Challenges need not become crises
Two stories from opposite sides of Georgia demonstrate, in different but hardly unconnected ways, a fundamental pay-now-or-pay-later principle of social costs — human as well as economic.
The first story is set right here in Columbus where, as staff writer Alva James-Johnson reported earlier this week, the latest in a group of accountability courts will be set up in Muscogee County, this one a Family Drug Court.
An almost quarter-million-dollar grant from the Annie E. Casey Foundation, the child-welfare nonprofit that compiles and publishes the annual Kids Count Data Book on the well-being (or otherwise) of America’s children, will enable Juvenile Drug Court Judge Warner Kennon to establish the new program.
Accountability courts, four of which are already in operation here, have proven to be among Georgia’s best alternatives to imprisonment for nonviolent offenders, both adult and juvenile. Indeed, one of the most impressive success stories of Gov. Nathan Deal’s two terms in office has been criminal justice reform, of which alternative sentencing laws passed by the General Assembly have been the major component.
Although both a Juvenile Drug Court and an Adult Drug Court already exist in Muscogee County, Kennon said the nature of the problem sometimes demands a more comprehensive approach: “Often one or both parents are on some sort of illegal substance,” Kennon told James-Johnson. “Through family court, I can get them help and try to keep the children at home while the parents cooperate and get help if necessary.”

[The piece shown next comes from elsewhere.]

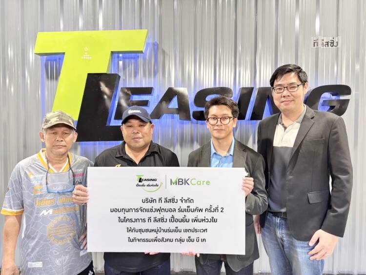 นายปรัชญา ติงสะ รองกรรมการผู้จัดการกลุ่มงานบริ หารงานขายและบริหารหนี้ (ที่ 3 จากซ้าย) และ นายพีรพงศ์ วิบูลธำรงวสุ รองกรรมการผู้จัดการสายกลยุทธ์ และพัฒนาผลิตภัณฑ์ บริษัท ที ลีสซิ่ง จำกัด (ที่ 4 จากซ้าย) มอบทุนสนับสนุนการจัดการแข่งขั นกีฬาฟุตบอล ร่มเย็นคัพ ครั้งที่ 2 กลุ่มเยาวชนอายุไม่เกิน 12 ปี ใน โครงการ ที ลีสซิ่ง เปื้อนยิ้ม เพิ่มห่วงใย เพื่อส่งเสริมให้เยาวชนใช้ เวลาว่างให้เกิดประโยชน์ พัฒนาทักษะการเข้าสังคม เสริมสร้างความมั่นใจ สร้างวินัย ความทุ่มเทและความอดทน ซึ่งจะจัดขึ้นที่สนามฟุตบอล MD4 ARENA เลียบวงแหวนด่านทับช้าง โดยรายได้ทั้งหมดของการแข่งขั นมอบให้เป็นสาธารณประโยชน์แก่ กลุ่มคนพิการ และกลุ่มผู้สูงอายุ ในชุมชน โดยมี นายทรงยศ อัมพุมน ประธานชุมชนหมู่บ้านร่มเย็น (ที่ 2 จากซ้าย) เป็นผู้รับมอบ ณ สำนักงานใหญ่ ชั้น 3 ศูนย์การค้าพาราไดซ์ เพลส เมื่อเร็ว ๆ นี้

On the other side of the state, an Athens charity clinic is keeping low-income patients out of emergency rooms with much the same approach Georgia and Columbus are using to keep offenders out of jails and foster care.

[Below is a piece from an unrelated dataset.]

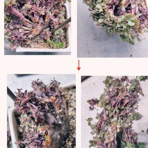 また、やっちゃった…(T_T) (6月23日📷と同じ植物) 上段を分解したら、下段状態。 葉先は無事なので、細切れで復活目指します。 軒下配置だったけど、乾かなかったみたいです。

According to Georgia Health News, a roughly two-year study by the University of Georgia’s College of Public Health shows that emergency room visits by patients treated at the Mercy Health Center were cut almost in half — from 207 to 121 — during the span of the study, with a savings in ER costs of more than $160,000. (This, remember, is from one small patient sample in one county.)

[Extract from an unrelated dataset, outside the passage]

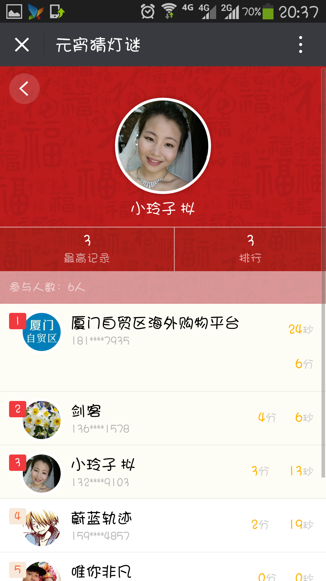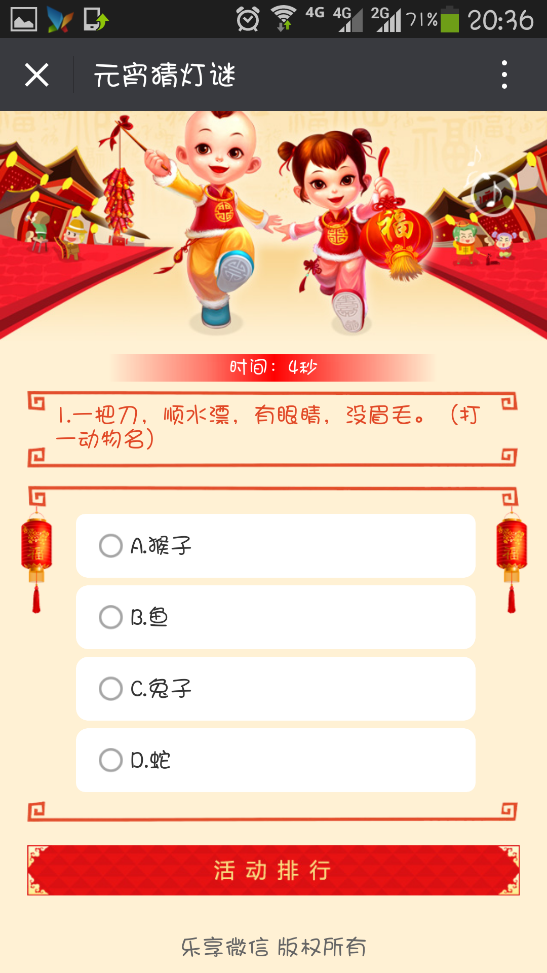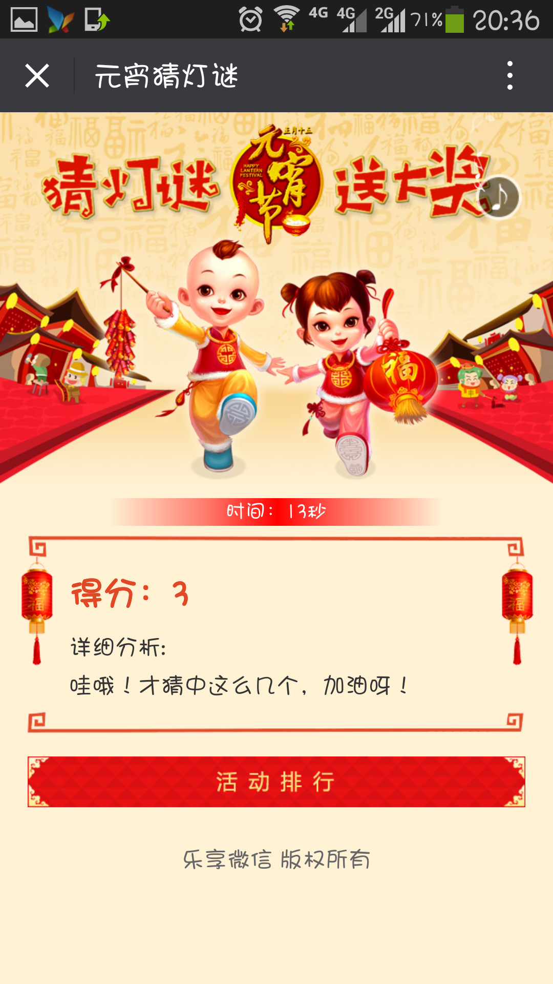 猜灯谜又称打灯谜,是中国独有的富有民族风格的一种汉族民俗文娱活动形式,是从古代就开始流传的元宵节特色活动。每逢农历正月十五,汉族民间都要挂起彩灯,燃放焰火,后来有好事者把谜语写在纸条上,贴在五光十色的彩灯上供人猜。因为谜语能启迪智慧又迎合节日气氛,所以响应的人众多,而后猜谜逐渐成为元宵节不可缺少的节目。灯谜增添节日气氛,展现了古代汉族劳动人民的聪明才智和对美好生活的向往。每人可以参加一次活动,所花时间越短排名越前,可获得丰厚奖品。

“Many of the clinic’s patients never had access to affordable medical care before,” GHN reports, “and therefore often used local hospital ERs as their primary source of health care. Patients with no coverage would show up at emergency rooms with problems that an insured individual would handle through a routine visit to a doctor’s office.”
Should any of the above come as a surprise to anybody?
The clinic is funded by contributions, grants and foundations. Emergency rooms, as every taxpayer should know, are not. (And besides, whatever the funding source, primary care is almost always a better bargain anyway.)
By what collective cognitive dysfunction does this reality fail to inform our public health decisions as rationally as a similar fact pattern is working in our approach to nonviolent crime?